Outside on this watch, the darkness seems alive. The seas are tangled, almost violent. Once on deck you can see that the night is not so much wild as carefully contained. Jacklines are rigged sturdily, skylights are closed. A lookout stands amidships gazing forward, and two figures stand by the wheel. Two more figures wait silently on the quarter deck peering inboard at the galley house and inward into their private worlds. 

The ship plunges on through the frantic night with most aboard her asleep, while the watches turn silently and the shore slowly nears. It’s a dark and stormy night at sea, but we’re buttoned up tight. We are an emissary from civilization in the wilderness. We swim on unconcerned. The seas protest our motion forward with every surge and splash. Still we move. We sail. We fly. The crowded field of lobster pots are far away inshore. 

A taste of solid ground

From our point 64 miles offshore we make our way to Isles of Shoals, a long beam reach under reduced sail, and finally drop the hook in a sheltered anchorage. This little group of islands, with their low buildings and big wooden resort hotel, represent both Maine and New Hampshire, the state border dividing them neatly in two. Though still six sea miles from the mainland, the islands are the first taste of solid ground we’ve had for several days. At night the remnants of Frederick, now post depression, make a chaos of the waters outside our little harbor. But inside all is serene. 

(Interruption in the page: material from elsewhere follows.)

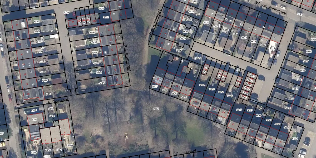 Gebruik de zoekbalk of klik op een perceel voor informatie over de adressen binnen dit perceel.

From Isles of Shoals we move up through Hussey Sound to Harpswell Harbor, a charming anchorage where the Sea Cadets and crew of Harvey Gamage enact the traditional end-of-voyage talent show, showcasing the accomplishments of those aboard without pressure from the conventional definition of talent: Cook Calderwood, for one, performs the making of a Hollandaise sauce to the great satisfaction of all. 

From Harpswell we go to Chandler’s Cove, our favorite staging area for the entrance to Portland. And next day, with wind blowing strong, we get to Portland making three knots under bare poles. It’s a tricky entrance to the dock, a downwind approach with lots of wind behind us. It’s made especially tricky when our pushboat dies while helping us nose into the berth, and Coughlin resorts to something she calls “dredging” the anchor to work back to our place.

This is what she does: Just downwind of the wharf, which the pushboat failure has caused us to miss, the captain drops the anchor to a depth just greater than the depth of water. The ship swings 180 degrees and points upwind. Coughlin then motors the ship slowly back upwind, the anchor dragging the bottom rather than digging into it. 

This holds the bow steady as we slowly motor back into our berth, coming to rest finally backwards from our usual position, but well set up for the next storm, scheduled to arrive in two days. It’s a fine piece of seamanship and it has the chief mate scratching his head. 

An hour later the bags are packed and loaded on deck, the trainees are once more wearing fatigues, their parents are once again beaming at high wattage on the dock, waiting to take them all in separate directions. Though other groups will come aboard in coming weeks to stand watch and hear the fog signal, the Sea Cadets will return. 

“Getting out on the ocean is a life-changing experience for these kids,” said Andrew Nash, regional director for the United States Naval Sea Cadet Corps. “Every time they come back they can’t believe what they’ve learned, even if they don’t always know what they’re getting themselves into.” n

Rob Laymon is a freelance writer and served as chief mate aboard Harvey Gamage for this voyage.